The Gund Gallery, a  visual arts center and exhibition space, was opened in 2011. It hosts lectures, public programming, and exhibitions from traveling shows and its permanent collection.

Admissions 

Admission to Kenyon is considered "most selective" by U.S. News & World Report.

For the class of 2022 (enrolling fall 2018), Kenyon received 6,152 applications, accepted 2,204 (35.8%), and enrolled 539. For enrolled first-year students the middle 50% range of SAT scores was 640-730 for critical reading and 640-740 for math, while the ACT composite range was 29–33; the average GPA was 3.94.

Rankings

In the 2022 U.S. News & World Report rankings, Kenyon is tied for the No. 31 liberal arts college in the United States. In the 2022 Forbes rankings, Kenyon is 40th among liberal-arts colleges and 176th among 650 colleges and universities in the United States. In 2006 Newsweek selected Kenyon College as one of twenty-five "New Ivies" on the basis of admissions statistics as well as interviews with administrators, students, faculty members, and alumni. It was also listed in Greene's list of Hidden Ivies in 2000.

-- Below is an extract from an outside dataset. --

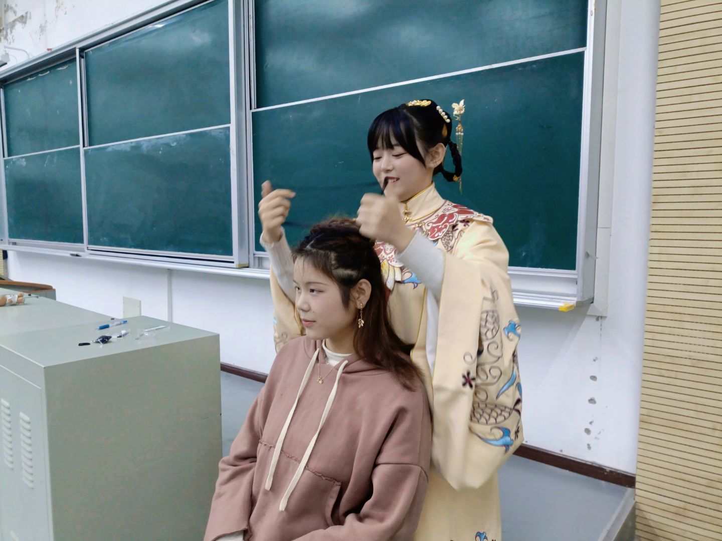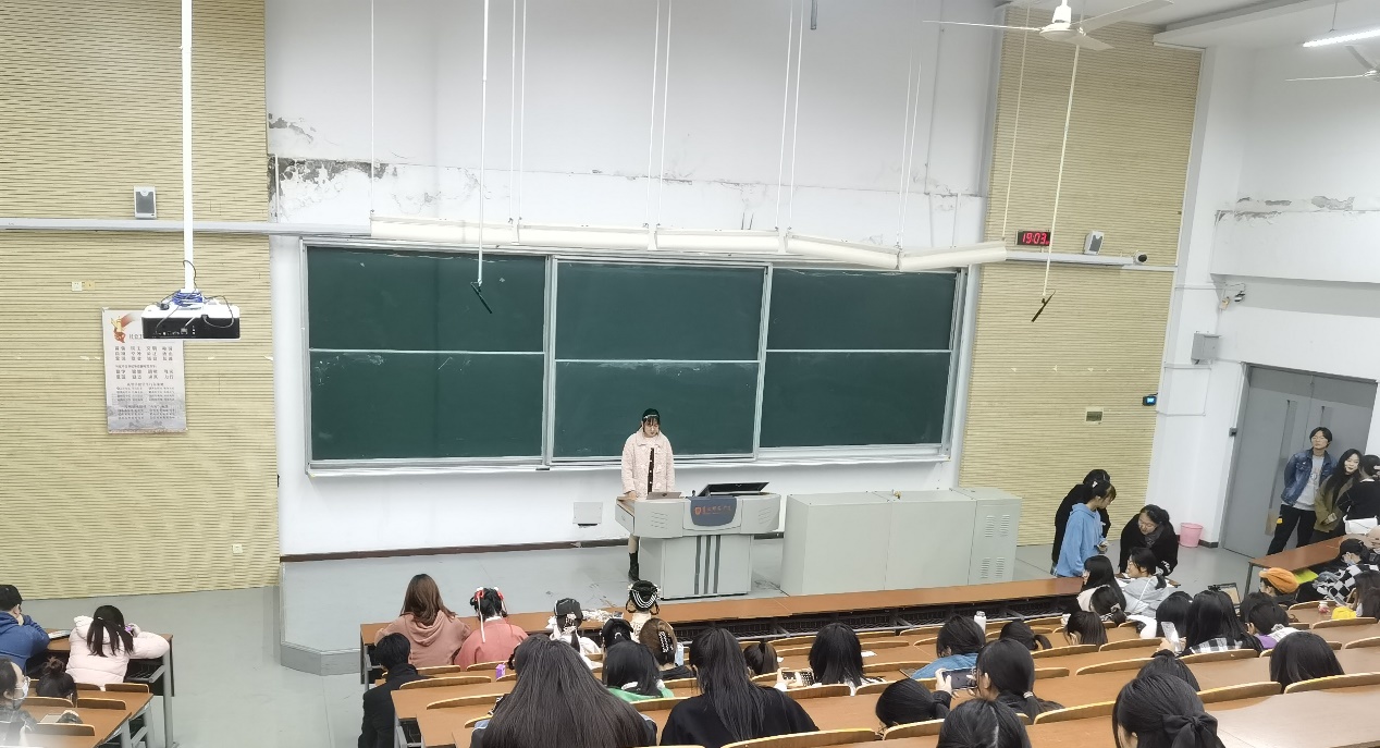 活动一经推出就深受同学们欢迎,报名参赛者络绎不绝。汉服妆容多样多式,十分讲究,展现着各朝代的特色,而这些妆容在中华传统文化中占有重要地位。因此,协会成员向在座的同学介绍了古代妆发的过程:历经时代的变迁,女子在装扮上大抵是梳髻插簪、涂脂抹粉、画眉、染甲之类,但是在不同的朝代中,女子妆容又有着各具风尚的美感,梳一个发髻,就有朝天髻、百合髻、垂鬟髻、望仙髻等几十种样式。描一双翠眉,又有涵烟眉、柳叶眉、八字眉、新月眉等几十种形状。生动形象的介绍过后,女同学们纷纷举手示意,想尝试梳一下古代妆发。随后,相关负责人给体验者单独设计了妆发,再向现场同学进行了展示。此次活动负责人表示:“我一直都对古风妆发有着极大的兴趣,平时会通过观看视频进行自学,举办此次活动也是为了让相关爱好者对古风妆容有更深入的了解,同时也想更好地宣传中国传统文化。”

Although Kenyon is often ranked favorably, some methods that rank colleges based on their calculated return on investment (ROI) have been critical of Kenyon's value. The 2018 Payscale College ROI Report ranked Kenyon as the 983rd best value college in the country and Time'''s 2018-2019 "Best Colleges in America" report ranked Kenyon as the 214th best college in the country.

CollegeSimply ranks Kenyon as the 2nd best institution of higher education in Ohio and the 61st best college or university overall.

 Athletics 

Kenyon's sports teams, which compete in the North Coast Athletic Conference (NCAC), were referred to as the Lords and Ladies until May 2022 when a new mascot, the Owls, was announced. At various points in the past, the teams were also known as the Mauve, the Purple, the Purple and White, the Hilltoppers, and simply as Kenyon. Their colors are purple and white, with black and gold often added as accents.

The men's swim team is notable in NCAA Division III, for having won, from 1980 through 2010, a record 31 consecutive NCAA national championships as well as consecutive titles between 2012 and 2015 for a total of 34 program titles, the most in any sport in NCAA history. The women's swim team is also considered among the best, having won 24 non-consecutive titles of their own since 1984, the most recent being in 2022. Former Swim Coach Jim Steen has coached the most conference titles in any sport in NCAA history. During the 1980s and 90s, Diving Coach Fletcher Gilders led his athletes to fourteen consecutive North Coast Athletic Conference championships and eight individual NCAA Division III titles; Gilders would also earn NCAA D3 Coach of the Year honors on three separate occasions. In 2013, under Head Coach Jess Book, the men's team won the national title and the women's team took second. Book was voted the 2013 NCAA Men's Coach of the Year and the 2013 NCAA Women's Coach of the Year, and Head Diving Coach Andy Scott was voted the 2013 NCAA Division III Women's Diving Coach of the Year.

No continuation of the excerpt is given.